La giornata era soleggiata e tutto il marasma della Cerimonia del Giuramento era andato man mano a disperdersi riprendendo ogni cosa col proprio ritmo senza alcun disordine.

Nahuel, a sua volta, era tornato sui propri passi avviandosi verso il verdeggiante e rigoglioso giardino del Palazzo della Luce, toccava a lui -insieme ad altri maestri- prendersi cura delle piante e dei fiori nel palazzo della Madre e da sempre lui adorava occuparsi di quelle delicate creature dai mille colori, dalle intense fragranze, non a caso era diventato maestro nelle arti della cura della flora. E come ogni volta che varcava la soglia per i giardini si sentì invadere il petto da una strana sensazione, come se qualcosa di leggero ed al contempo pesante albergasse dentro di sé. A volte si diceva che le piante gli davano modo di parlare troppo spesso con se stesso e che alla fine ne era felice ma non completamente soddisfatto, in altre occasioni preferiva evitare di pensare a qualsiasi cosa potesse dargli irritazione o noia.

Negli ultimi sei anni il suo carattere aveva assunto una sfumatura più scura, più grave ma come poteva essere biasimato?

Con un sospiro si mise accovacciato davanti alle piccole piantine che aveva innestato qualche giorno prima e ne osservò la crescita, parevano essere sane sebbene il terreno non era ricco di sali come si sarebbe aspettato. Allungò una mano sfiorando un piccolo e fragile bocciolo di un iris e sospirò per poi cominciare il proprio lavoro, guardare quel fiore gli portava irrimediabilmente alla memoria troppi ricordi.

Gli iris erano i fiori preferiti della Madre ma erano anche delicati e profumati come Arleen.

 

Molte volte risultava difficile non poter pensare al passato, troppo spesso si finiva col tuffarcisi anima e corpo cominciando a respirare vecchi sussurri e vecchi sospiri per potersi sentire ancora parte di quello che ormai è andato perduto.

Alla Culla funzionavano così quelle cose, quei ricordi e quei dolori venivano come cancellati per anni in modo da lasciare che la mente si distraesse e non generasse troppo dolore in chi subiva una perdita, era un metodo crudele o drastico ma era sempre stato così, i sette anni del silenzio venivano sempre rispettati ma non sempre, Nahuel si concedeva di tanto in tanto un pensiero per la sua sposa mentre restava solo nella discreta e soave compagnia dei fiori che doveva accudire. Solamente gli iris conoscevano i segreti dei suoi ricordi e solamente loro erano i testimoni ed i complici dei suoi momenti di riflessione.
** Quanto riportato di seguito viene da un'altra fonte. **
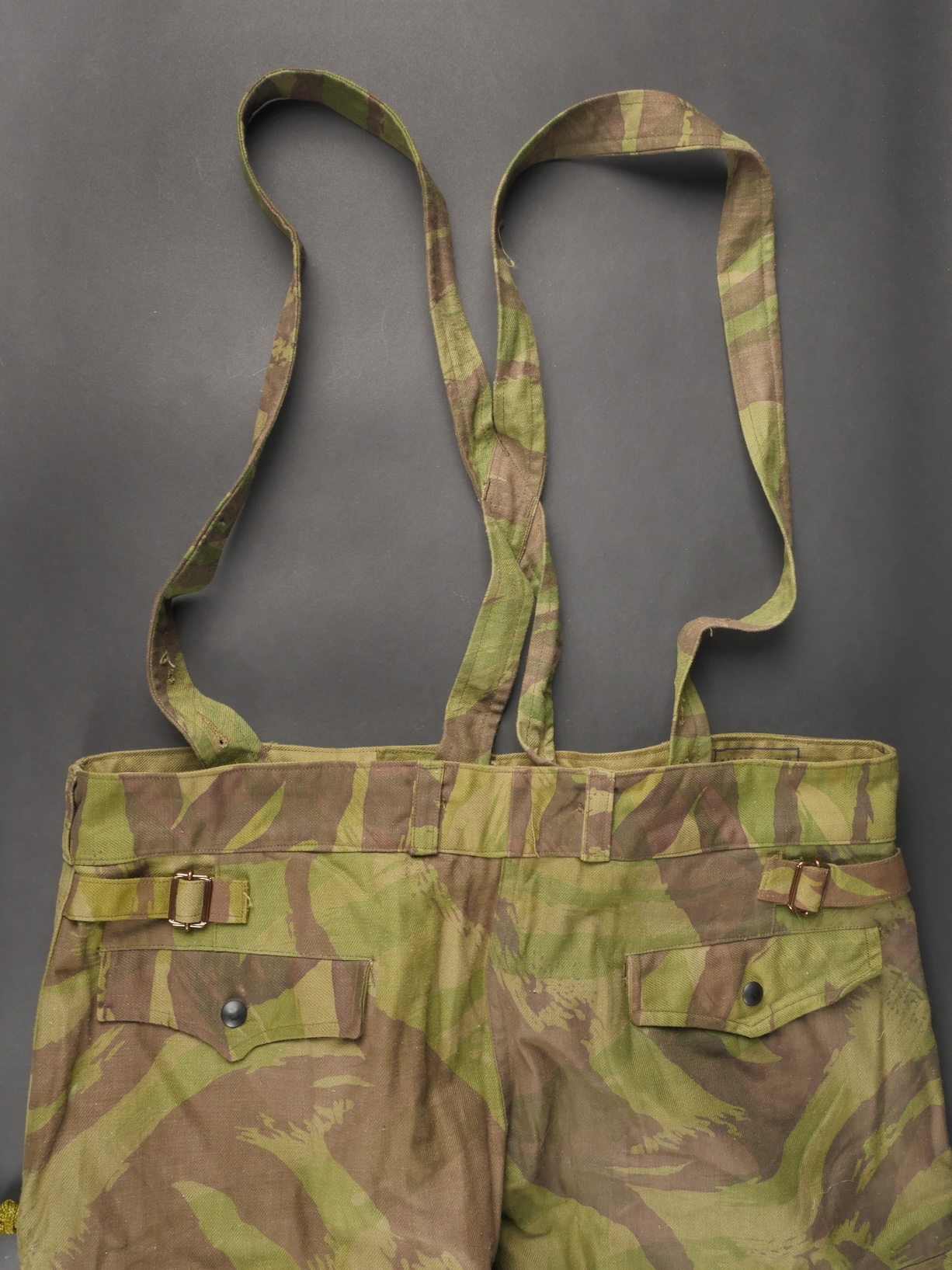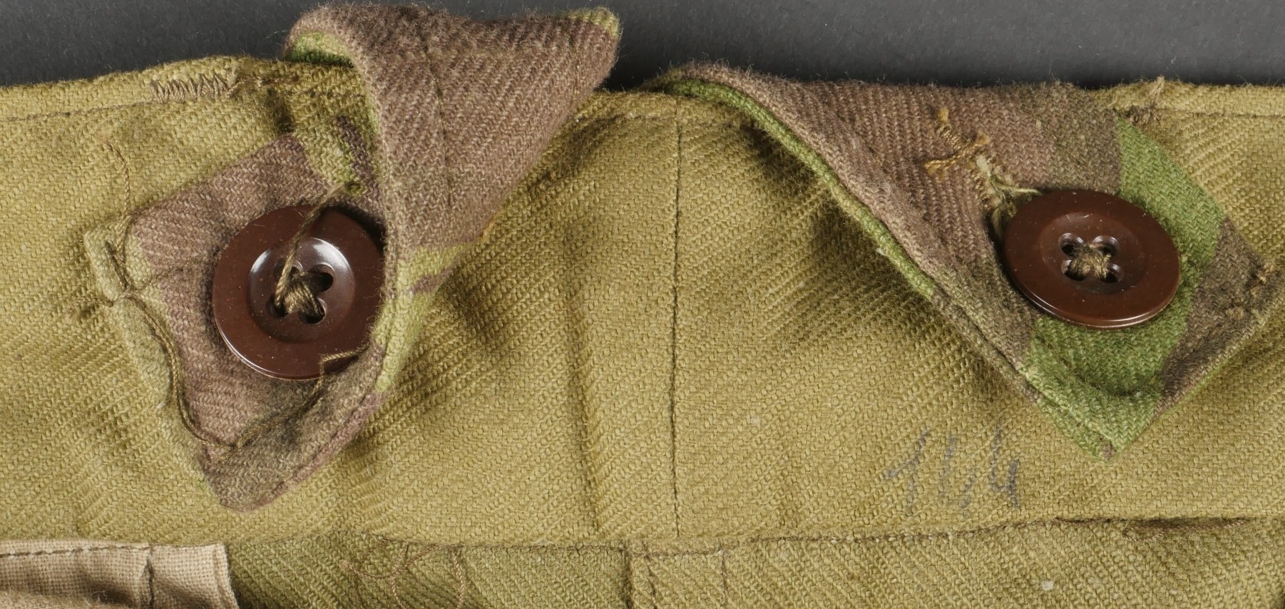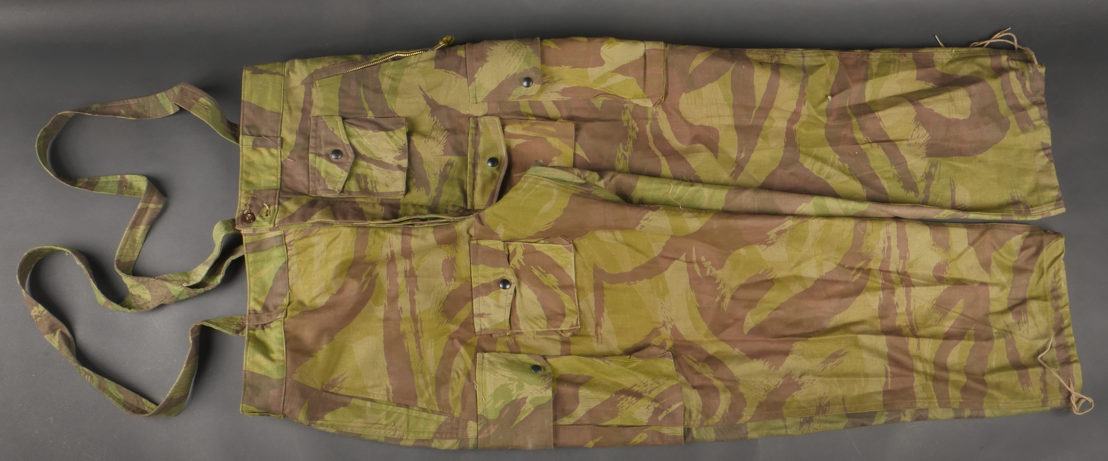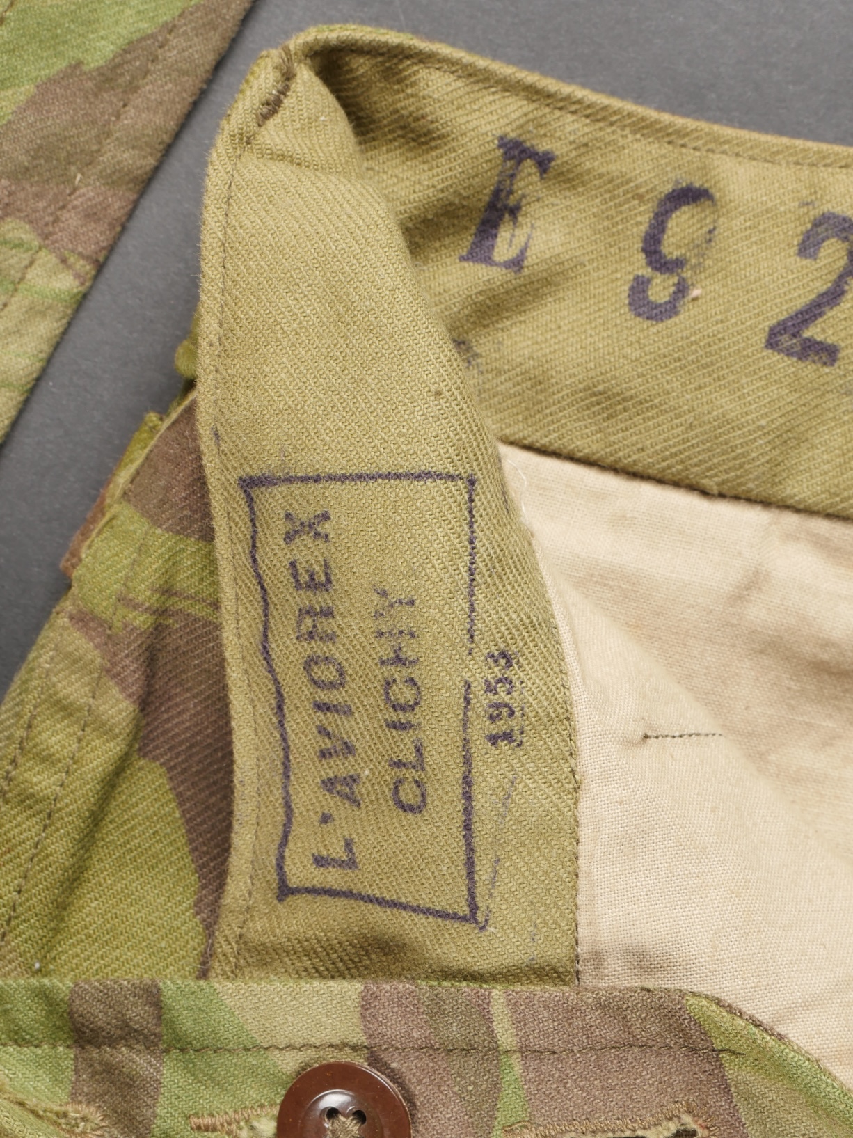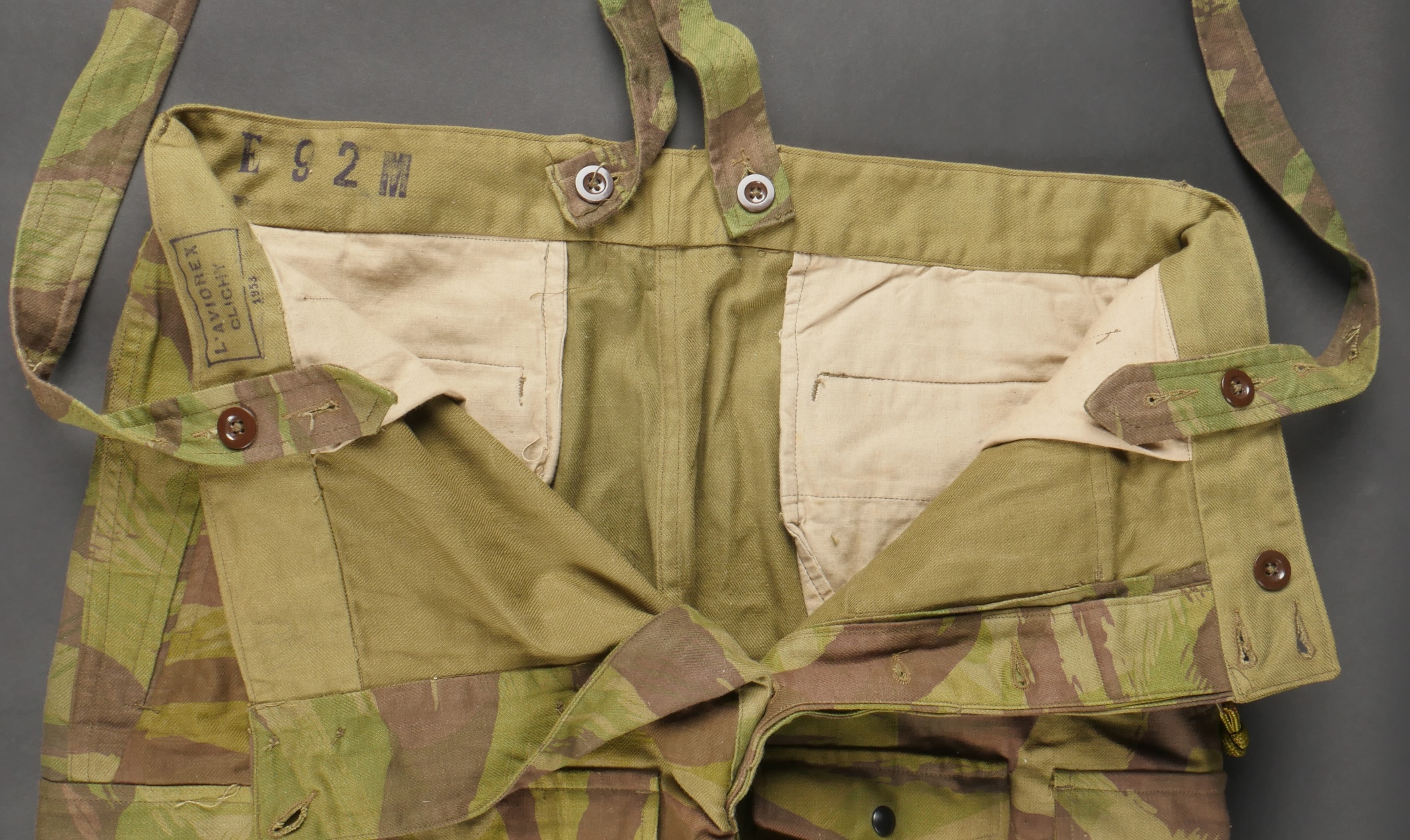 Pantalon TAP 4752. Pantalon fabriqué entièrement en tissu camouflé 4752, tampon de fabricant présent au niveau de la taille L’aviorex Clichy , daté 1953, ainsi que le tampon de taille... en savoir plus

Le mani grandi e forti sfiorarono il delicato petalo viola-blu dell’iris come se fosse stata la morbida guancia di Arleen e lentamente scivolò lungo lo stelo fino a giungere nella terra umida e fresca dove vi affondò le dita come se solamente in quel gesto vi fosse un unico grande significato.
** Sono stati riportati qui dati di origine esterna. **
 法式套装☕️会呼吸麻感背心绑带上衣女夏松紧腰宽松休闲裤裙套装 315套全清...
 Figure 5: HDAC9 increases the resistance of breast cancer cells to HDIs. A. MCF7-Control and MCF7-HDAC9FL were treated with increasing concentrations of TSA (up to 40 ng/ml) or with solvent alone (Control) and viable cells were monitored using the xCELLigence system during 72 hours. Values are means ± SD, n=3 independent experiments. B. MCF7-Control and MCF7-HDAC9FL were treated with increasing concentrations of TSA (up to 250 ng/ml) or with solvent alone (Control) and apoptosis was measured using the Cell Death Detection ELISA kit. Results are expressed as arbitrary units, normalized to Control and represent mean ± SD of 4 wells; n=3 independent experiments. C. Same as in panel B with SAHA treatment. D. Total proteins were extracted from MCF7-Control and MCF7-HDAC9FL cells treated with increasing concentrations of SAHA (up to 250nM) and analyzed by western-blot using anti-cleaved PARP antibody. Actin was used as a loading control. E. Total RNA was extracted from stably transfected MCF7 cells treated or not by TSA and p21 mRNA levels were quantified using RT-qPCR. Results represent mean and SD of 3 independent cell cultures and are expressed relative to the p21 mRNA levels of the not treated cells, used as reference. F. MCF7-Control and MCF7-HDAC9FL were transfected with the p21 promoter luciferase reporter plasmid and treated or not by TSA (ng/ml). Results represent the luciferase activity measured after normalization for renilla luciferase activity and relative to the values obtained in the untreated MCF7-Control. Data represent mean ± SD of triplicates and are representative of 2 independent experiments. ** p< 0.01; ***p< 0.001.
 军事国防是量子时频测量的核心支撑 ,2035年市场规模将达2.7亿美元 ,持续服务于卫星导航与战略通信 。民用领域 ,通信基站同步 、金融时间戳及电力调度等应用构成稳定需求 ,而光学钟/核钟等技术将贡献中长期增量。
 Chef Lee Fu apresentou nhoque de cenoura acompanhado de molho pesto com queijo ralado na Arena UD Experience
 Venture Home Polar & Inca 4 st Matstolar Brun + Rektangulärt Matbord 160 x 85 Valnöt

Abbassò lo sguardo dorato verso il terriccio e sentì tra le dita la fitta ed intricata rete di radici della pianta e sorrise mentre lasciava che le palpebre scendessero fino a fargli vedere solamente col proprio tatto e poté finalmente sentirsi in pace.

 

Una voce lo stava chiamando. Una voce insitente ed un po’ acuta continuava a ripetere il suo nome e non poté fare a meno di riaprire gli occhi per guardarsi attorno.

Il sole era già quasi all’orizzonte e presto si sarebbe fatta sera e lui era rimasto per chissà quanto tempo immerso nei propri pensieri, nelle proprie fantasie. Sospirò e si mise in piedi battendosi entrambe le mani sulle cosce per togliersi quanta più terra umida, era da sempre stato un giovane preciso e meticoloso e non voleva assolutamente imbrattare le bellissime vesti di Arleen.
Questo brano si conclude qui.